This type of behavior happen to my clown as well, below the pics.










I quickly add a SEIO powerhead, it is becos lack of oxygen, the filter wasnt enough.










What type of fish food u gave ur fish, i have tried this Tetra but the fish dun eat the red granules










Today i switched to tis food, the blue tang and damsel seems to enjoy eating them.


----------



## devong (May 30, 2008)

*jumpman23 - reply*

When you added the power head, was your clown fish fine? because I have another clown fish and do not want him to suffer the same faith, so I will go get one today if need be.

I feed them something similar to your last pic, not home so dont have the exact name, and brime shrimp. I do each once a day so 2 feedings for the day, once in morning and once in evening, is this ok?


----------



## jumpman23 (Apr 28, 2008)

As per my knowledge it has nothing to do wiv the food, also, as per the local Aquarium advise, they prefer to feed once a day.
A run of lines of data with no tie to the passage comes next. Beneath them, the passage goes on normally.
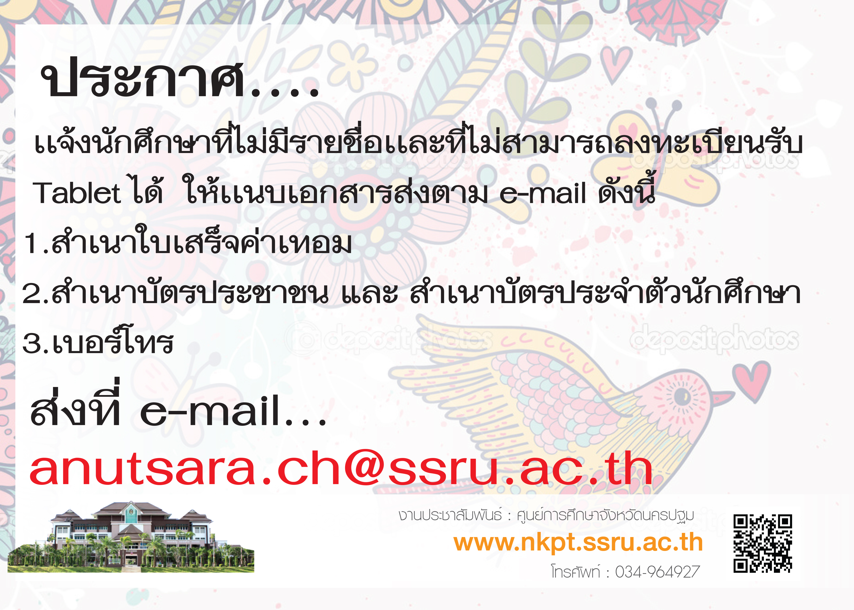 > เเจ้งนักศึกษาที่ไม่มีรายชื่อเเละที่ไม่สามารถลงทะเบียนรับ Tablet ได้ ให้เเนบเอกสารส่งตาม e-mail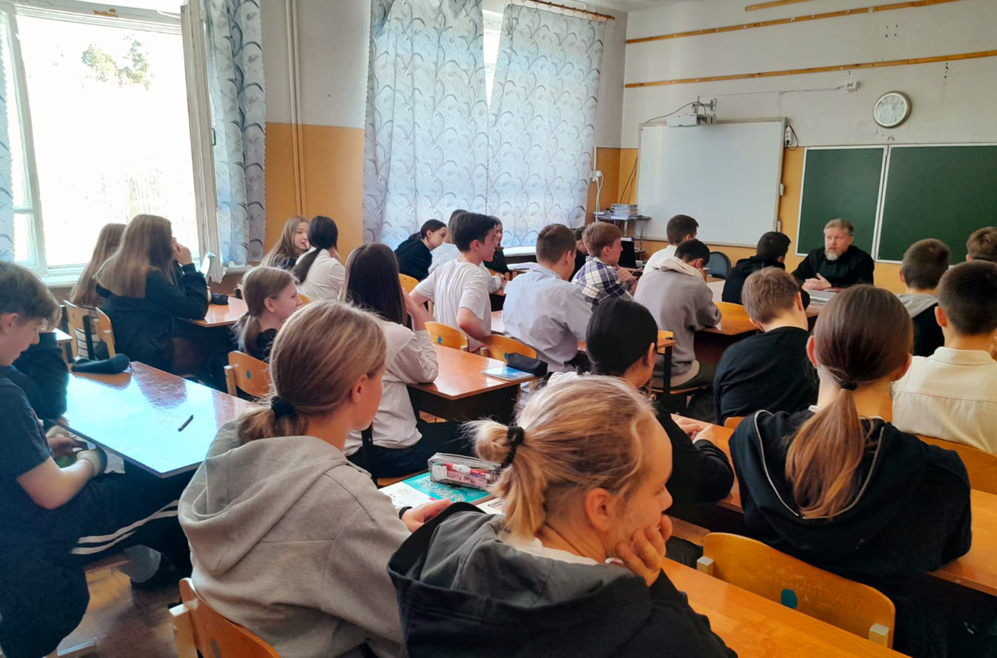 Священники провели беседу с учащимися 8-х классов образовательных учреждений. Тема бесед была «О важности человеческого слова». Школьникам был показан документальный фильм «Грязные слова» общественной организации «Общее дело», в котором рассматривались различные аспекты, связанные с данной проблематикой: каковы психологические причины распространения мата; что по поводу сквернословия говорили государственные и общественные деятели в разные времена; распространение мата в историческом ракурсе и д.р.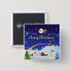 Hermosos paisajes de nieve con árboles de Navidad, casas, un hombre de nieve, una iglesia y un arcoiris con copos de nieve cayendo. Santa Claus sobrevolando una luna llena en la noche de los Navidades.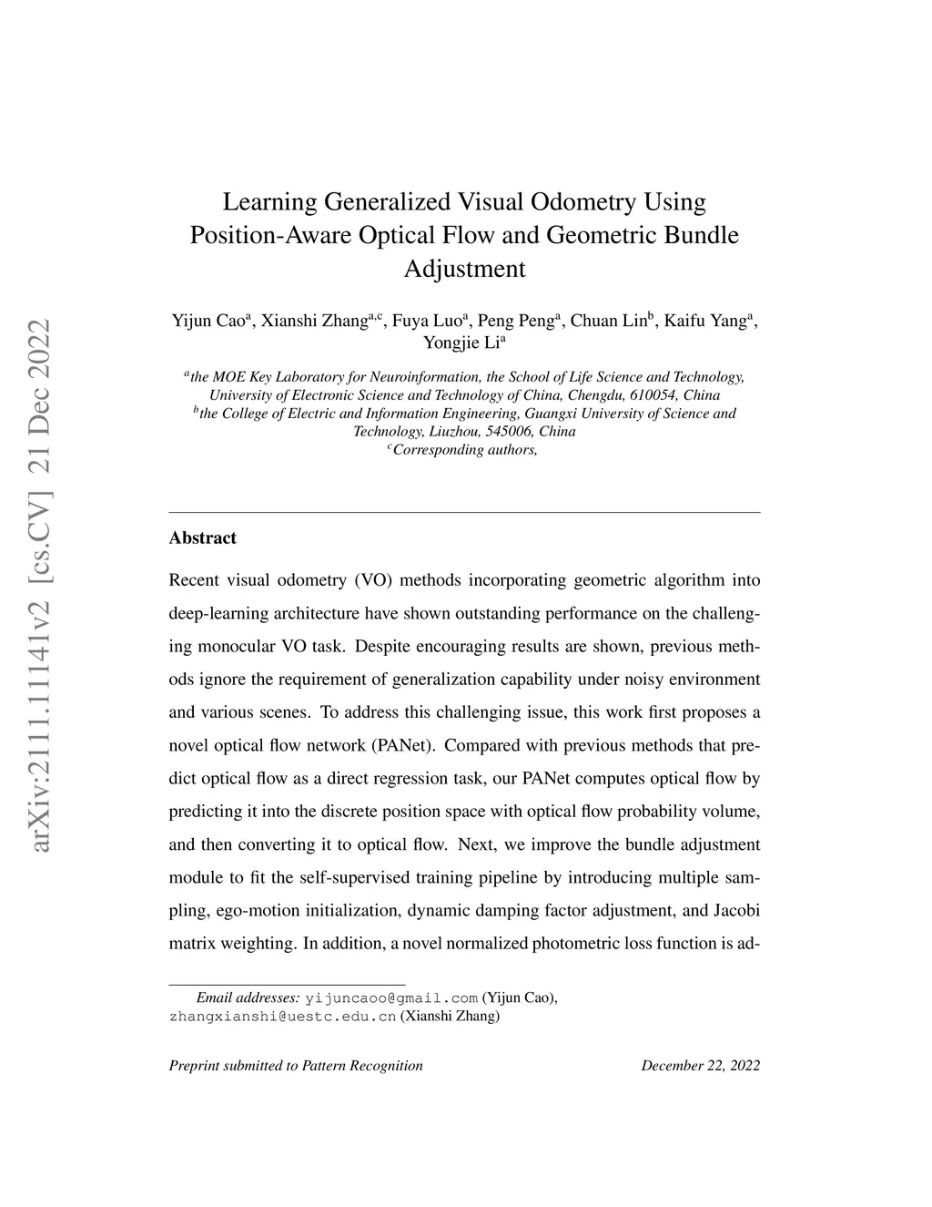 Recent visual odometry (VO) methods incorporating geometric algorithm into deep-learning architecture have shown outstanding performance on the challenging monocular VO task. Despite encouraging results are shown, previous methods ignore the requirement of generalization capability under noisy environment and various scenes. To address this challenging issue, this work first proposes a novel optical flow network (PANet). Compared with previous methods that predict optical flow as a direct regression task, our PANet computes optical flow by predicting it into the discrete position space with optical flow probability volume, and then converting it to optical flow. Next, we improve the bundle adjustment module to fit the self-supervised training pipeline by introducing multiple sampling, ego-motion initialization, dynamic damping factor adjustment, and Jacobi matrix weighting. In addition, a novel normalized photometric loss function is advanced to improve the depth estimation accuracy. The experiments show that the proposed system not only achieves comparable performance with other state-of-the-art self-supervised learning-based methods on the KITTI dataset, but also significantly improves the generalization capability compared with geometry-based, learning-based and hybrid VO systems on the noisy KITTI and the challenging outdoor (KAIST) scenes.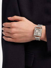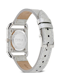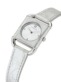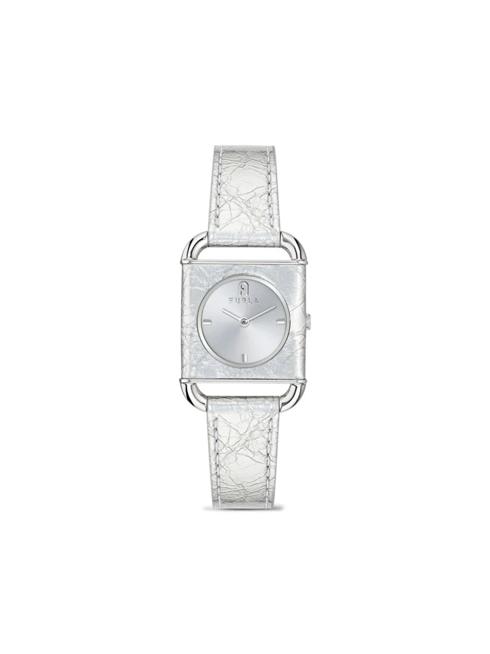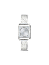 Arco Square 28mm Highlights - Silver-tone - Stainless steel case - Leather strap - Cracked effect - Buckle fastening - Geometric dial - Baton hands - Round face Imported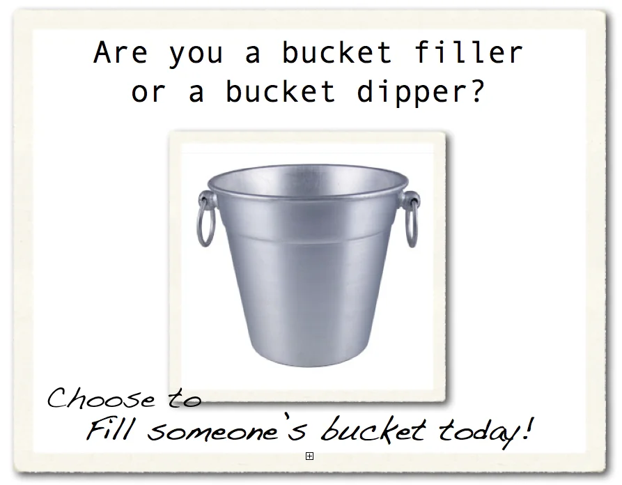 Each of us has an invisible bucket. It is constantly emptied or filled, depending on what others say or do to us. When our bucket is full, we feel great. When it’s empty, we feel awful.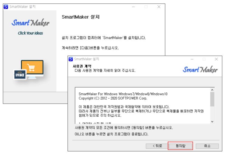 1. 티처몰 상세페이지 -> "스마트메이커 설치 및 라이선스 등록 방법"의 스마트메이커 저작도구 다운로드를 하세요.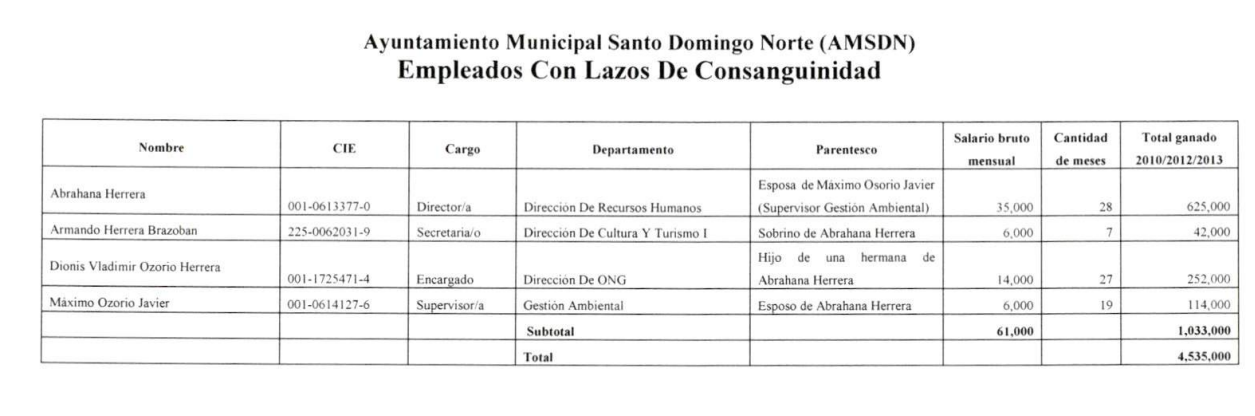 Y Armando Herrera Brazoban (el sobrino), estuvo como secretario en la Dirección de Cultura y Turismo cobrando RD$ 6 mil pesos.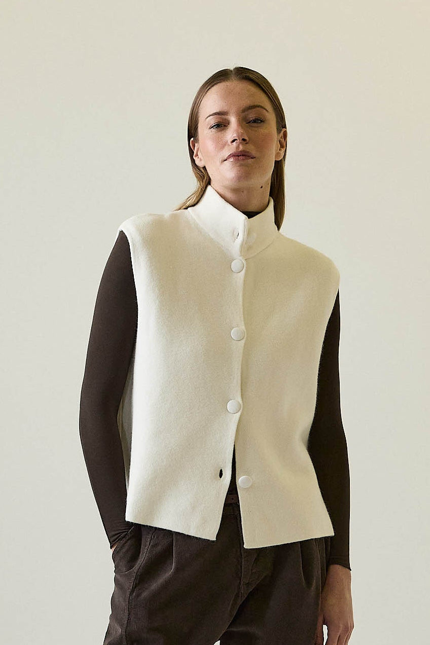 Chaleco en tono natural con cuello subido y cierre frontal de botones forrados. Diseño sin mangas, corte recto y bajo ligeramente abierto en el centro. Un básico versátil para sumar capas en entretiempo o llevar como pieza principal en looks de estilo depurado.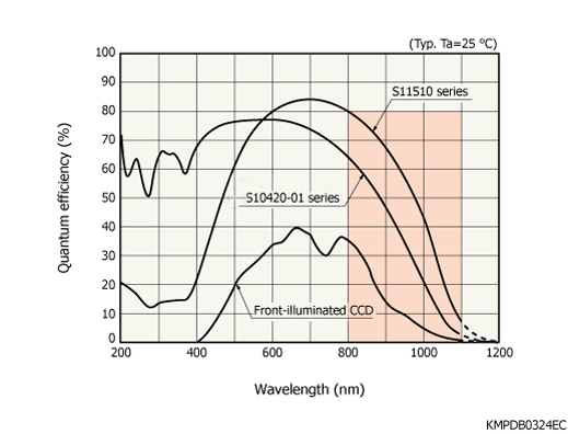 Спектральная кривая чувствительности детектора back-thinned CCD модели S10420-1106

I think it is lag of air, that causes the stress, how abt. the lighting, do u have proper lighting which can reduce the fish stress.

I'm using ADA NA-Lamp 15w but it is good enough for my 1.5 ft tank.










ADA = Aqua Design Amano

First of all, test your Salinity


----------



## devong (May 30, 2008)

i have lighting something like this:

http://www.petsmart.com/product/index.jsp?productId=2754546

not sure exact watts, going to get all that info once i get home and repost, but i do have a salinity tester and it is fine. Actually tested at LFS today, and all was fine, and chance you have answers to my other questions.

Another question I have, do I need a powerhead? my tanks is 47 gallon


----------



## ksicard (Aug 4, 2008)

imo you should have a skimmer if you have fish it is always a great thing to have and another try feeding them frozen foods. I would never feed fish flakes and pellets. try brine shrimp my blue tang and clown absoloutley loves brine shrimp.


----------